Another wave of cold laughter, like the brittle breaking of the bones of small animals, washed over him, “Arise, Bold Hermes, you deserve your reputation as an artless flatterer! I don my veil and you may look upon me. It has been centuries since anyone had the gall to call me lovely, yesss . . . I too was once a creature of the light. Many famous men would have given their sight to gaze upon my naked beauty . . . ”
It took all his willpower for Hermes to raise his head without flinching. He saw that the gorgon Euryale sat enthroned on some stone outcropping before a small pool of water that formed naturally in a cleft of rock at her feet; as was custom she had covered her face in a black veil draped down over her head, and she wore a tattered silken dress of midnight black, that was cut in a fashion which had not been seen anywhere on earth for many years. She leaned forward slightly to watch him and he thought he detected the slightest quiver of movement from the nest of snakes coiled there beneath her black veil.
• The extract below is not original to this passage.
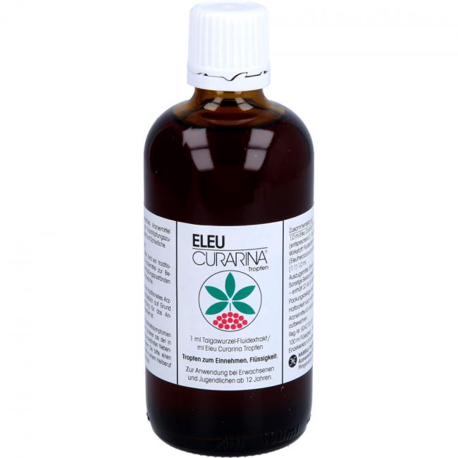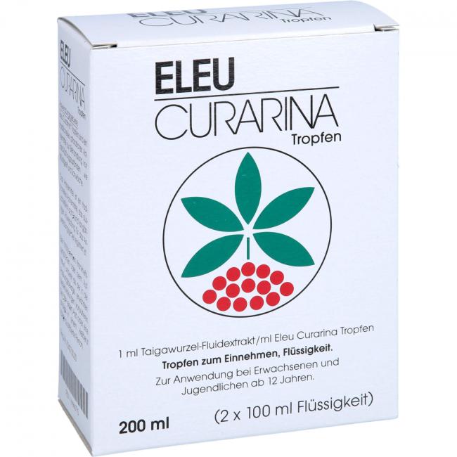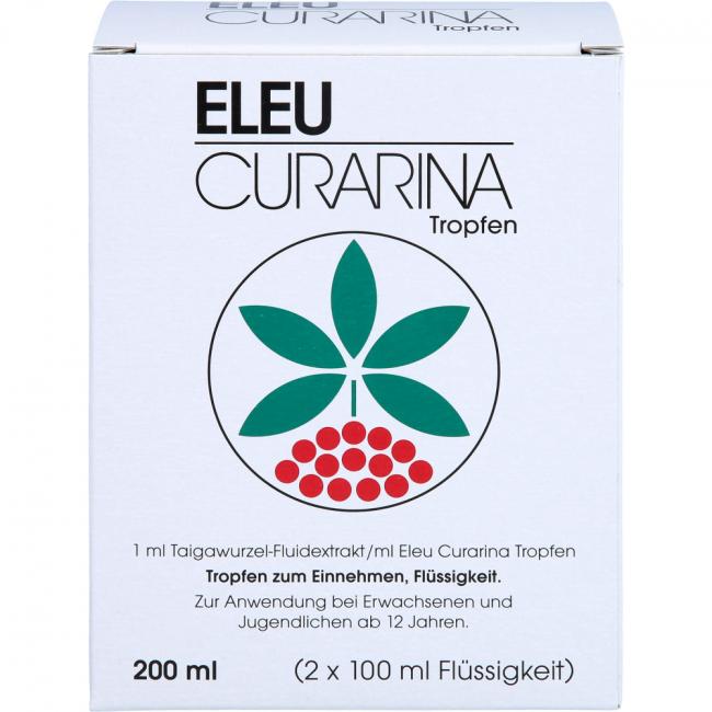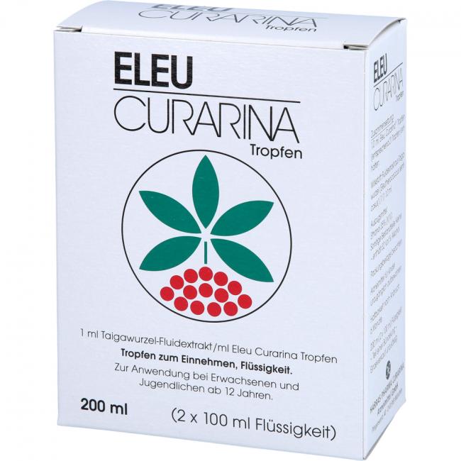 Eleu Curarina Tropfen. Wirkstoff: Eleutherococcuswurzel-Fluidextrakt. Anwendungsgebiete: Als Tonikum zur Stärkung und Kräftigung bei Müdigkeits- und Schwächegefühl, nachlassender Leistungs- und Konzentrationsfähigkeit sowie in der Rekonvaleszenz. Warnhinweis: Enthält 32 Vol.-% Alkohol!

“Come sit before ussss,” Euryale beckoned.
Hermes swallowed his fear and approached the throne of this creature. He wondered if by “us” she was referring to the snakes that sprouted from her head.
“Yess, Hermesss, my tressesss are still serpentine, I haven’t gone in for any of the changes my sisters have, to become creatures of wasps or tentacles,” she purred.
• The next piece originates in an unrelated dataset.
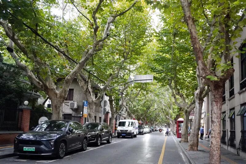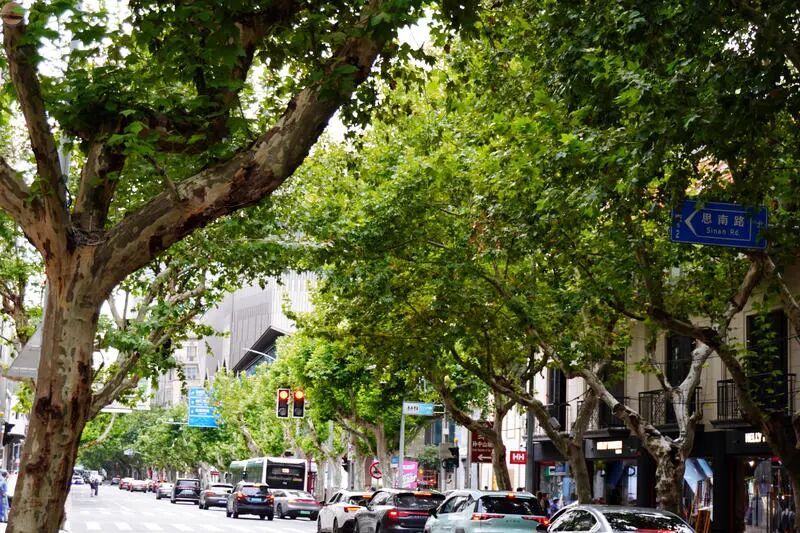 梧桐枝叶交错,为魔都街头撑起一片片绿色穹顶,亦掩映着迷人的都市风景。

Startled, he realized that she had been reading his thoughts. He shifted his focus and put up a mental shield around himself, cloaking his mind; he had forgotten to do so when he came in.
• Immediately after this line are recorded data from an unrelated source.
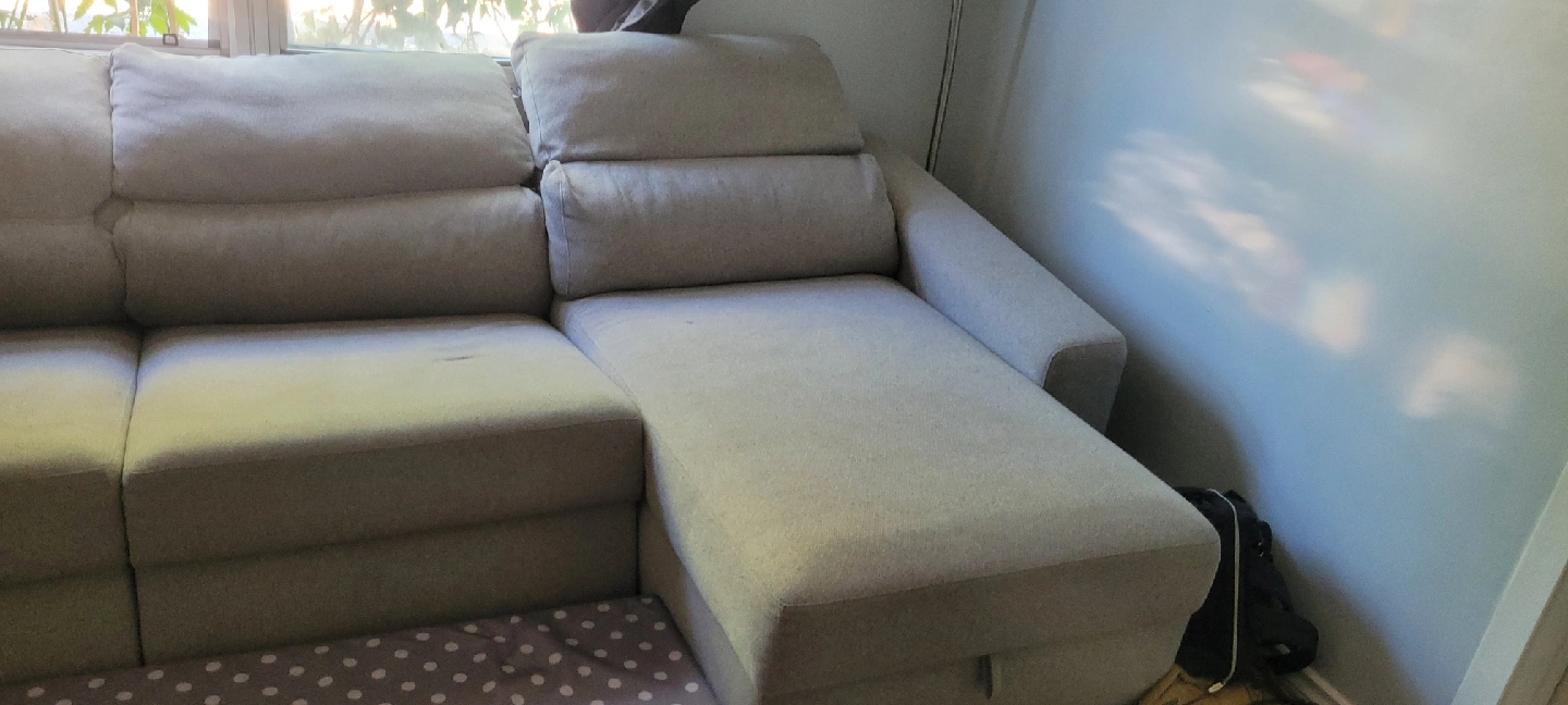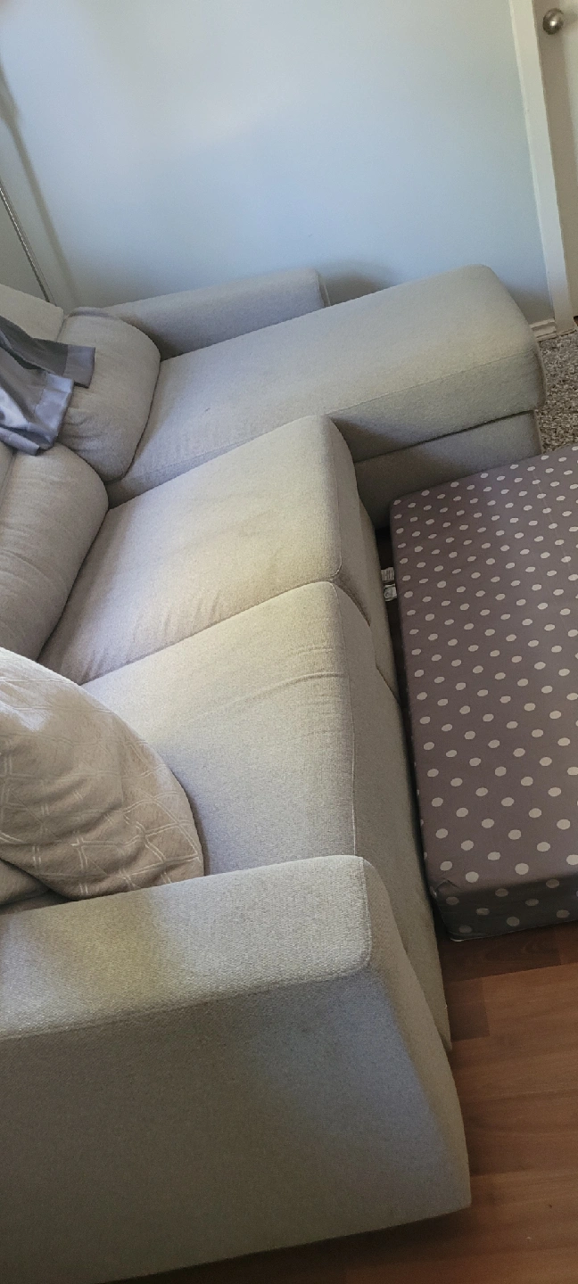 Selling a beige sectional sofa. It's in great condition and would be a cozy addition to any living room! Perfect for lounging and relaxing after a long day. If you're interested, please reach out!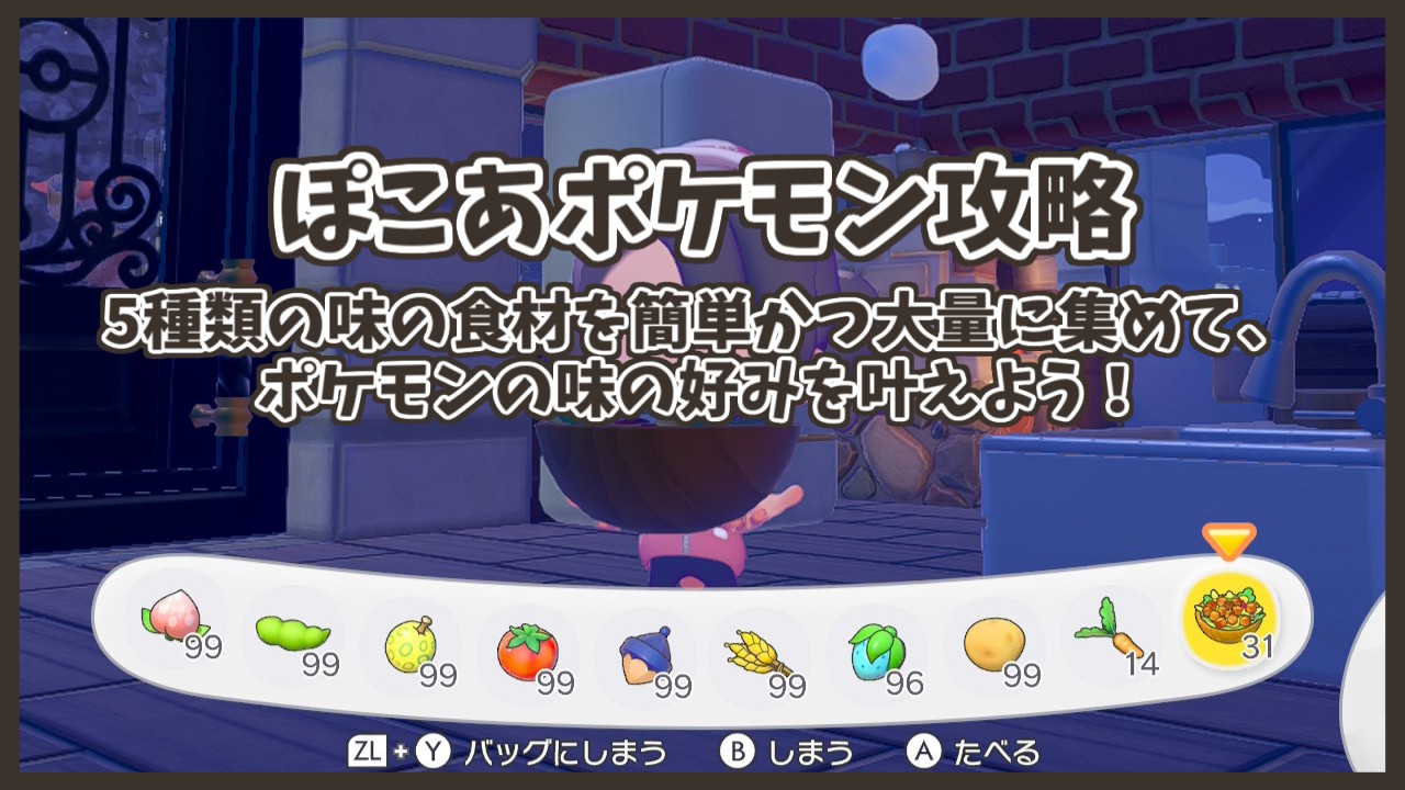 【ぽこあポケモン攻略】5種類の味の食材を簡単かつ大量に集めて、ポケモンの味の好みを叶えよう!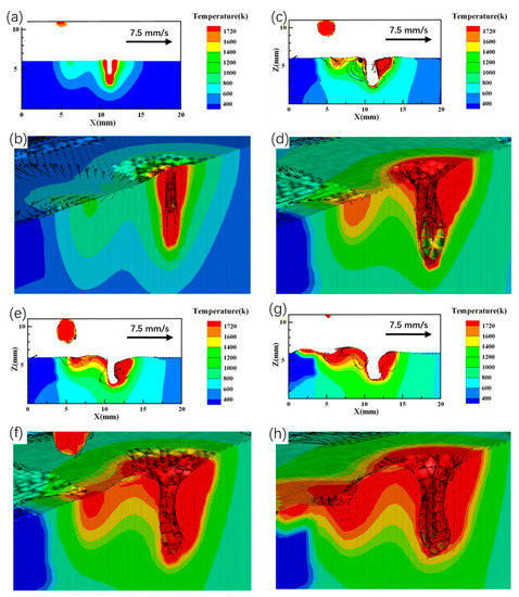 Temperature field distribution of the weld section and three-dimensional fluid flow diagram of the molten pool at different time: (a,c,e,g) are the temperature field of the weld section at 100 steps, 1000 steps, 1500 steps, and 2000 steps, respectively; (b,d,f,h) are the three-dimensional fluid flow diagrams of the molten pool at 100 steps, 1000 steps, 1500 steps, and 2000 steps, respectively.
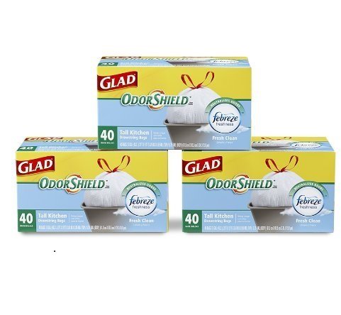 -. Title : Glad Odorshield Tall Kitchen Drawstring Trash Bags Fresh Clean Scent 13 Gallon 120 Ct (Pack of 2)

“Aaaah, thank you for covering yourself up. We rarely get visitors, you know. I didn’t mean to pry, but your mind was clouding the whole place . . . like a bloody fishhh in a pool,” she said.
Hermes cleared his throat and tried to lean casually against a slimy stalactite, or was it a stalagmite? He had often found that the best way to deal with the violent and the insane was to adopt a nonchalant attitude.
“I come to ask a boon of you, dear Aunt Euryale,” he said.
She ignored him, “You were wondering if I still have snakes on my head? We tried to cut them off, the darlingss, and threw them in the pool, but they always grow back. Nasty, resentful little things.”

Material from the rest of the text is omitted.